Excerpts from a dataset
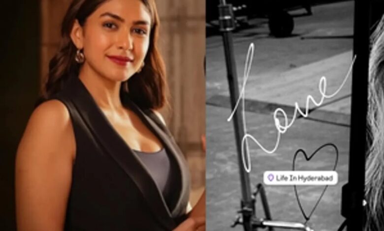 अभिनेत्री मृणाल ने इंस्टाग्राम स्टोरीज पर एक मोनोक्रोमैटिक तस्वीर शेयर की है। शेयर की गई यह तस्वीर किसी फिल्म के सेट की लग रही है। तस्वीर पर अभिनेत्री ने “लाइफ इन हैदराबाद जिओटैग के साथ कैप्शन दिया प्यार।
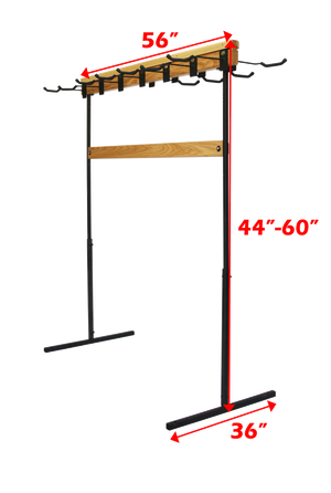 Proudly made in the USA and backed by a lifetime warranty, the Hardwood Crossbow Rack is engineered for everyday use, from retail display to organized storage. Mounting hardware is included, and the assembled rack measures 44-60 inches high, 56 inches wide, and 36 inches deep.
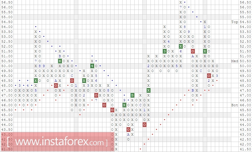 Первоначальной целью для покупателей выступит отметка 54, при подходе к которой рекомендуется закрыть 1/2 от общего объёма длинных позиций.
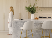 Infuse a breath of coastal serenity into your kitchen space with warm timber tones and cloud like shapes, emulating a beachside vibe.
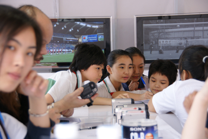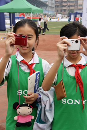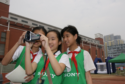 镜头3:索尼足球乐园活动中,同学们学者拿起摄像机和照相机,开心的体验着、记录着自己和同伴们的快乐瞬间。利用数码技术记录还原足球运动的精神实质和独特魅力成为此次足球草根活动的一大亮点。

WORK TO BE COMPLETED: Your answer must be an exact copy of the lines from the start of the entries through the line with "Первоначальной целью для", with no pictures.

ANSWER TO THIS EXERCISE:
 अभिनेत्री मृणाल ने इंस्टाग्राम स्टोरीज पर एक मोनोक्रोमैटिक तस्वीर शेयर की है। शेयर की गई यह तस्वीर किसी फिल्म के सेट की लग रही है। तस्वीर पर अभिनेत्री ने “लाइफ इन हैदराबाद जिओटैग के साथ कैप्शन दिया प्यार।
 Proudly made in the USA and backed by a lifetime warranty, the Hardwood Crossbow Rack is engineered for everyday use, from retail display to organized storage. Mounting hardware is included, and the assembled rack measures 44-60 inches high, 56 inches wide, and 36 inches deep.
 Первоначальной целью для покупателей выступит отметка 54, при подходе к которой рекомендуется закрыть 1/2 от общего объёма длинных позиций.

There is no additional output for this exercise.